SLOVIANSK, Ukraine — At one point on the front line, Ukrainian soldiers advanced crawling on their stomachs for 50 meters at a time, digging new trenches at each stop.
Elsewhere, soldiers from the 93rd Brigade captured about five kilometers of wheat fields – and a Russian tank. Another unit liberated a village last week.
On the rolling plains of eastern Ukraine’s Donbass region, soldiers and commanders point to these modest gains as a measurable result of Ukraine’s strategy of publicly and frequently telegraphing its intentions to attack. Russia on another front of the war: southern Ukraine.
The Russian military, they say, diverted troops south to meet the Ukrainian attack, reducing the intensity of fighting in the east – and allowing Ukraine to regain chunks of land there. down.

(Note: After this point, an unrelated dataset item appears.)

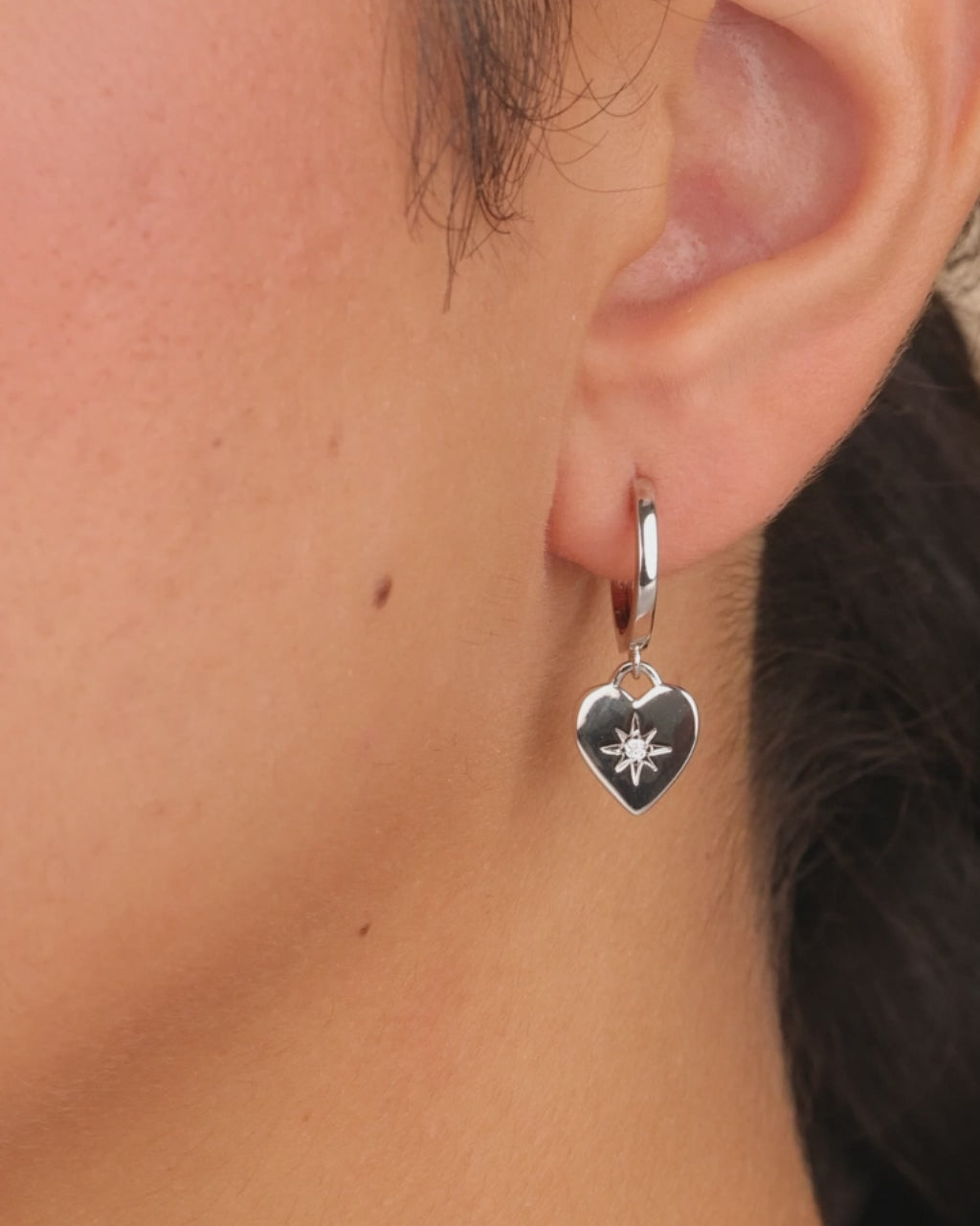 A delicate nod to vintage charm. These mini heart drop hoops feature a starburst CZ center that catches the light in just the right way. Sweet on their own or paired with other dainty styles for a layered look.

Western military analysts have noted the diversion of Russian forces and a reduction in violence in Donbass, which has been the focus of Russian military attention since it failed to capture the capital Kyiv. last spring. Throughout the region, the intensity of Russian artillery fire has decreased. On narrow sections of the front near the towns of Bakhmut, Pisky and Avdiivka, Russian attacks persisted.
Fighting in the Ukraine War is effectively split between two theaters, eastern and southern, with Ukraine seeking to slow or halt Russian advances in the east while counterattacking in the south.
Where to concentrate forces has become a dilemma for both armies, leaving commanders in a guessing game over the other side’s intentions, as the summer has become a time of feints and rare public declarations of military operations. planned by both parties in Donbass and southern Ukraine.
The Russians are most vulnerable, according to Ukraine, in the territory they hold on the western side of the wide Dnipro River. In recent weeks, the Ukrainian military has hit two bridges used for supply and hit the spans again on Saturday as Russian engineers sought to repair them.
Russian forces have reinforced their positions in the south, the British Ministry of Defense said in a war assessment on Saturday, and “Ukrainian forces are focusing their targeting on bridges, ammunition depots and rail links with high frequency. increasing”. Reinforcements could defend or anticipate the attack from Ukraine with their own offensive.
The effect of all this on the eastern theater of the conflict has become apparent in recent weeks, said Yuriy Bereza, the commander of the Ukrainian National Guard’s Dnipro-1 unit, which is fighting outside the eastern city of Sloviansk. .
“We have reached parity” in the war in eastern Ukraine, Bereza said.
As with everything in this war, much remains opaque, and at least some analysts say the slowdown in the east has more to do with Russia’s need to rebuild its forces, and less with dividing its attention with the south.
After capturing the towns of Sievierodonetsk and Lysychansk in late June, the Russian military declared what it called an operational pause to regroup and rearm. Independent analysts said the Russian force suffered heavy losses and units would need to be replenished.
Bereza also credited the appearance on the battlefield of US-supplied high-mobility artillery rocket systems, which strike with precision far behind Russian lines, for calming Russian artillery. The systems, known as HIMARS, arrived about a month ago, just as the counteroffensive intensified in the south.
“The first time I heard a HIMARS launch was like music to my ears,” he said. “This is the most beautiful music for Ukrainian soldiers.”